How nice that, if someone dies in a pandemic, their organs can still be useful. That’s true only if medical was uniformly good and not based on a premise that people considered limited receive limited care.
From the UK: “more than twice as many individuals with learning disabilities died during the peak of the coronavirus pandemic than in the same period last year. “
“‘Do not attempt resuscitation’ (DNAR) notices were added en masse to the medical records of elderly and disabled people in care homes, without proper consultation with either the individuals or their families:
“* At the end of March, three care facilities for adults with learning disabilities in Somerset, Derbyshire and East Sussex were contacted by General Practitioners (GPs) to inform them that all the adults they support should be deemed DNAR.”
Sadly, care rationing is not limited to the UK. Several states in the US also set up rationing plans during COVID that proposed to deny care to those with disabilities.
It’s not a giant leap from determining who doesn’t deserve good care to seeing people who have challenges as spare parts.
One UK analyst proposes that the “normalisation of health care rationing and the wholesale abandonment of the most vulnerable in society is only possible because the NHS has been systematically starved of funds for decades.”
We miss the most important point if we blame a lack of money rather than a lack of respect for human life for the deaths of the defenseless and dependent.
All discussions about unborn life and life limited by illness or disability center on one question—Who are we? Are we sacred souls made in the image of a great God who loves all, weak or strong?

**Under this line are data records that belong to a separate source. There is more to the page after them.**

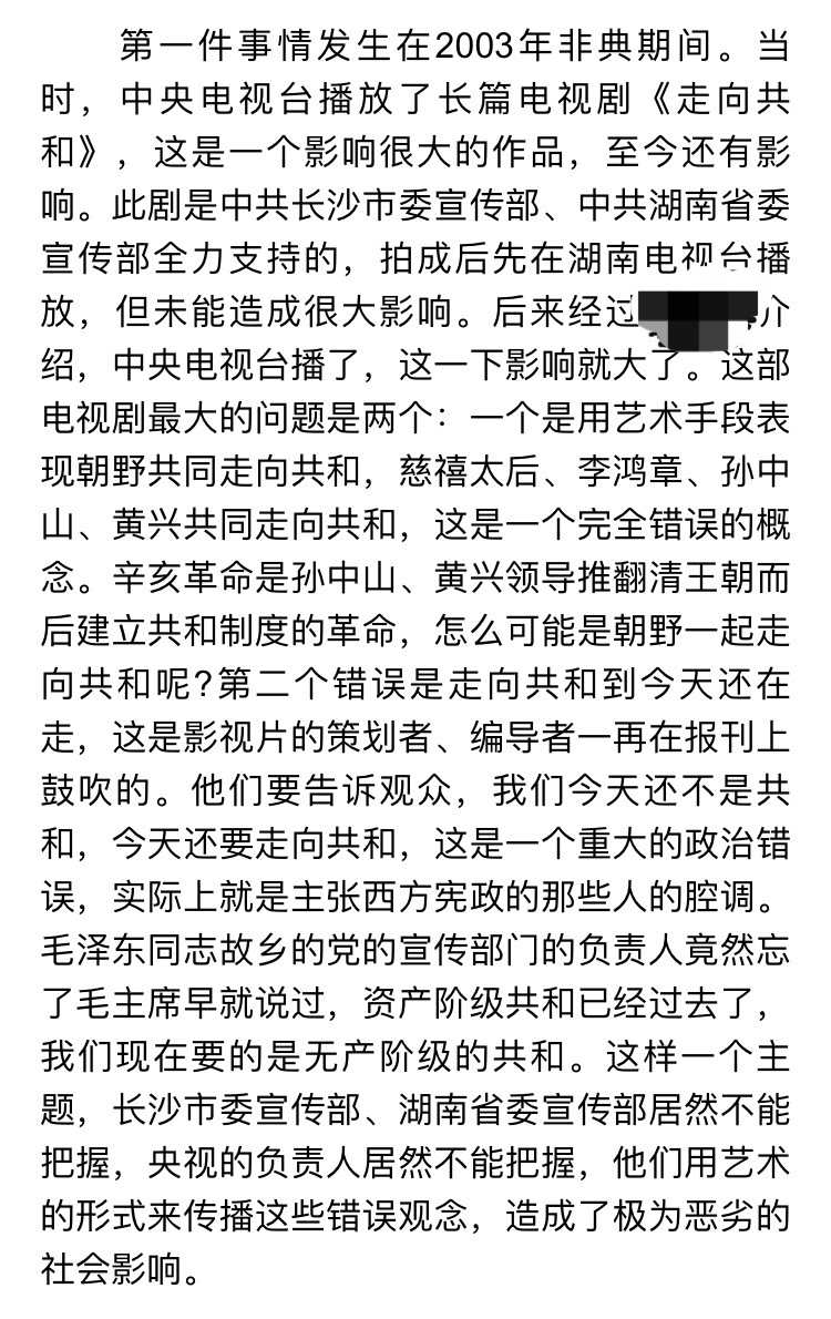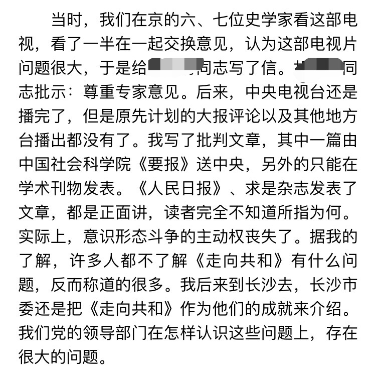 此文作者张海鹏,是社科院学部委员、曾任中国史学会会长,文中提到的名字(也就是我打马赛克的部分)层级非常高,想来这篇文章应该没有撒谎。所以事情很清楚了:《走向共和》确确实实被禁了,而且确确实实是因为政治不正确而被禁的。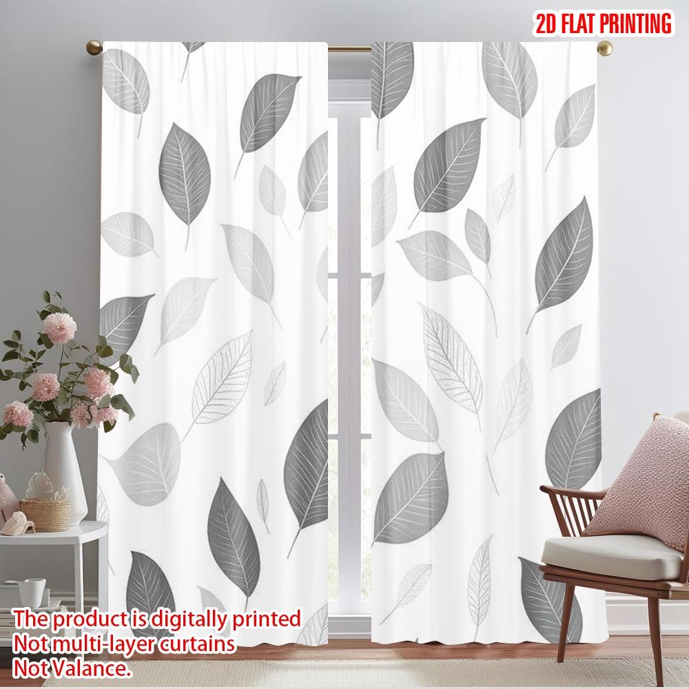 2pcs,2D Plane Printing Creative Curtains Monochrome Leaves Polyester Easy Install (without Rod) Art Deco Festive Perfect for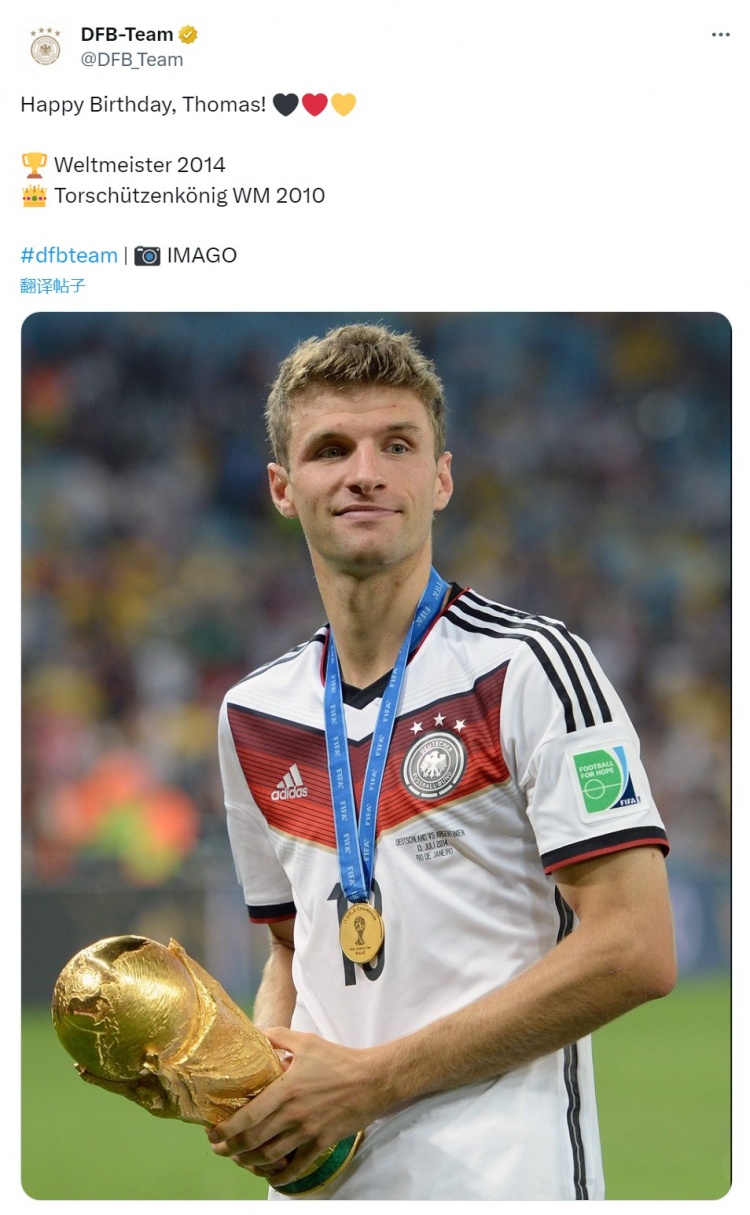9月13日讯 今天是托马斯-穆勒的36岁诞辰,德国队官方为他奉上道喜。

Or are we just a mixture of electrical synapses and chemical reactions, a sometimes useful collection of spare parts?
Answering the last question in the affirmative means there won’t be a stopping point along the way to the continually increasing exploitation of people as human products.
More questions to lead us forward:
Does the one who shaped the ear not hear?
The one who formed the eye not see?
Does the one who guides nations not rebuke?
The one who teaches man not have knowledge? Psalm 94:9-10~
We will all stand before the one who shapes, forms, guides, rebukes, and teaches.
A rebuke stands at the gates. And one more question will follow.
What did you do when you knew this atrocity was happening?